Research Spotlight: Ben McCorkle
Each month, the Communications Team reaches out to members of the Department of English faculty and asks them to elaborate on a current research or creative project they are working on or have recently completed. For this month, we asked Professor Ben McCorkle about his project, 100 Years of New Media.
In your own words, as the expert that you are, can you explain the overview of your project?
First of all, it’s called 100 Years of New Media. My collaborator and I are looking at a collection of over 750 individual articles from a publication called English Journal. This is a journal that focuses primarily on K-12 English teachers, and articles tend to emphasize classroom practice—teachers sharing effective assignments, activities and so on. Specifically, we identified articles from the years 1912-2012 (it’s been around a while) that mention using some sort of technology in the classroom: radio, filmstrip projectors, magic lanterns, television, Super-8 cameras and even the computer. We coded those articles for various categories such as the teacher’s attitude toward the technology, whether students were making things with the technology or analyzing it, pedagogical goals and outcomes and generated data visualization showing how these categories change over time. In addition to creating a bunch of interactive graphs, charts and timelines, we also want to showcase the “joy” of this archive, teachers being excited about coming up with innovative uses for new technologies. To that end, we’re also making a bunch of media artifacts that highlight these moments—for example, a podcast that showcases innovative audio pedagogies over the years, or a public-access-style television segment that explores the hopes and fears teachers had dealing with the emerging menace of television.
Now, could you shorten this description into one sentence that uses accessible language?
We look back at 100 years’ worth of English Journal articles explaining how English teachers used technology in the classroom in order to tell a broad history of how those technologies were used, how their use increased or decreased over time and how students and teachers actually interacted with them.
In what ways is your research significant?
We feel that it tells a necessary history that is currently being overlooked. In the field of computers and writing, there’s a commonplace that the personal computer was a transformative, revolutionary force in the English classroom—it not only helped make writing conventional essays more efficient, it also opened the door to consider creating new types of multimodal texts that combined images, sounds, text, interactivity, etc. While we feel the computer is important, we also want to remind everyone that English teachers have been innovating with new technologies for quite a while, even having their students produce unconventional “texts” like radio dramas, documentary films, television news programs and more. The fact that so much of that innovation was going on in K-12 means that it gets passed over by those whose focus is on college-level English instruction, so we wanted to shine a light on that area to broaden our historical understanding of how English studies and technology have been interrelated.

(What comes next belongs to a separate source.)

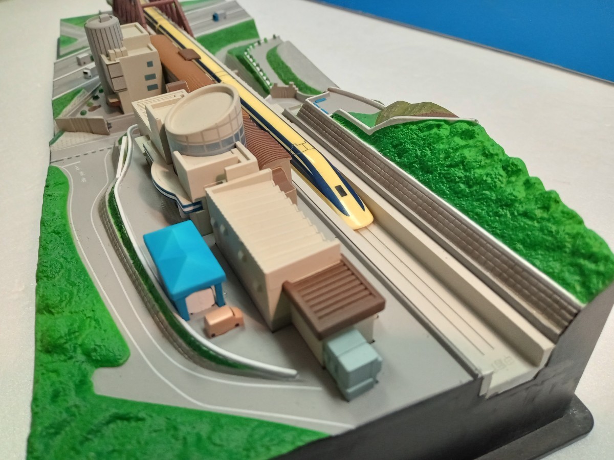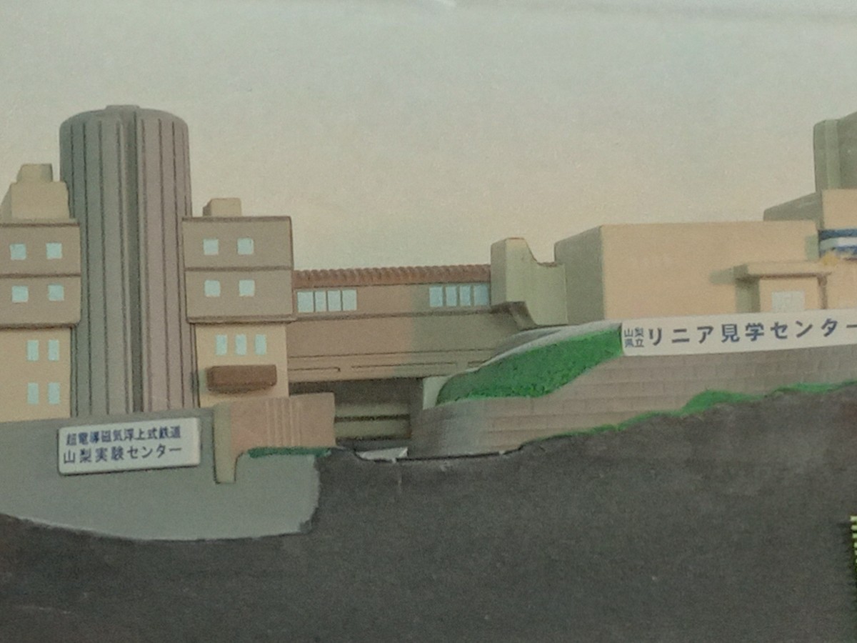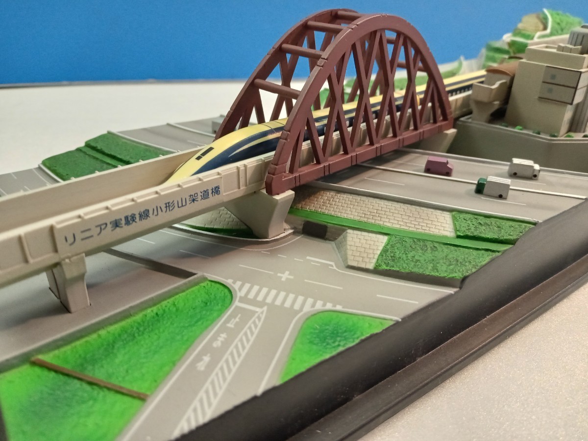 山梨リニア実験線のジオラマです。リニアモーターカーは1両あります。

Are you working with any colleagues or collaborators?
I am working with a collaborator on this project: Jason Palmeri, who is an Associate Professor of English at Miami University in Oxford, Ohio (who, incidentally, is an alum of our graduate program).
Where do you see this project going in the future?
The two of us have talked about perhaps bringing in additional corpuses for comparative purposes: for example, looking at journals such as College Composition and Communication or College English (which grew out of English Journal) from that same period. Since those publications deal exclusively with college-level instruction, it might be fruitful to see what key differences and similarities there are with respect to how teachers incorporated technology in their classroom practice.
What's next for you?
I’d like to devote more time to working on improving the Digital Archive of Literacy Narratives (DALN). I am currently co-director of the project, along with Michael Harker, an Associate Professor of English at Georgia State University. The DALN is a ten-plus-year public online collection of around 7500 individual stories about people’s experiences learning to read, write, code, perform and compose music, and a variety of other topics. We’ve recently updated the site to make it more user-friendly, and are planning to add even more functionality in the near future.